The man, the one with the onion breath, slids over a chair, releasing a breath, and I regret the question. I should've kept my mouth shut, should've just suffered through. But it was too late now.
"I... I am a man who was once a star," the man settles in the chair and starts, with a long-suffering tone.
"Just like you, my Mir," the man coos suddenly, leaning over to my chair and slapping a heavy hand on my shoulder. I am still strong; I can still breathe when the men speak.
"But... I wasn't perfect, not like you, Mir. I wasn't what they wanted, so instead they choose someone else. And I could have been fine with that. I could've just walked away, but... No. That someone else had to shove it in my face, taunt me, show off what he could do and I couldn't."

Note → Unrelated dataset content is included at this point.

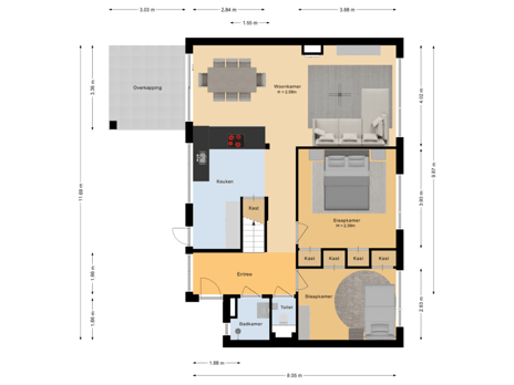 De woonkeuken is een echte eyecatcher: compleet vernieuwd in 2024 en uitgerust met een schiereiland, inductiekookplaat met geïntegreerde afzuiging, spoelbak met Quooker, luxe werkblad, wijnklimaatkast, combi-oven, koel-vriescombinatie en vaatwasser. Vanuit de keuken heb je via schuifdeuren direct toegang tot het ruime, gedeeltelijk overdekte dakterras — een heerlijke plek om beschut buiten te zitten.

At this point the man's big fists were curled, his face slightly purple, and the hand that was still on my shoulder was digging its fingernails into my back and collarbone, but I fought to keep the expression of pain off my face.
"So... I got rid of him," the man said, his tone light, like he was talking about what he had for lunch, not the possible murder of his competition, and it made the cold throughout my body settle to my middle, so every time my heart thumped in my chest, a jet of ice shot through me with my hot blood.

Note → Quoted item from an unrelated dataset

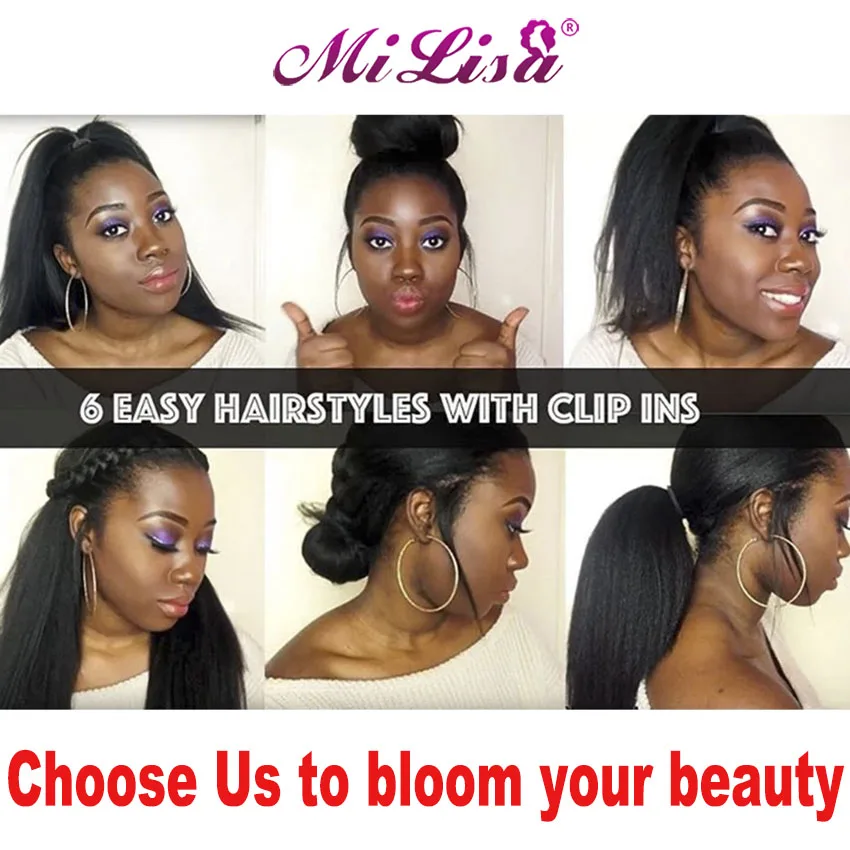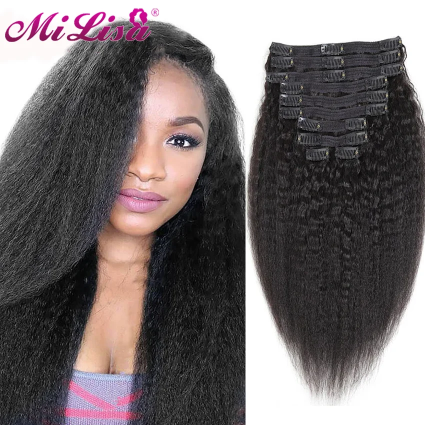 Кудрявые прямые волосы на заколках, человеческие волосы для наращивания, для черных женщин, бразильские волосы Remy, 10 шт./компл., волосы на заколках

The man must've read my expression that I was desperately trying to hide, and he slid his other hand, the one that wasn't squeezing my shoulder, to my cheek, my skin, with the crusty, half healed scar, his fingers stained with dirt and his fingernails clogged with dust.
With the motion came a sound from the man; a pur, vibrating his thin lips and coming from his chest, somehow making me edgy, even more desperate for him to leave, for all of them to leave me.
"Oh, don't worry, my Mir. I won't kill you. You are too precious to me," the man stopped puring to say, and lightly ran his thumb over the cut on my cheek once, twice, and then suddenly, with a jolt, jammed his thumb into the edge of the cut, closer to my eyes, and I let out a strangled groan of pain.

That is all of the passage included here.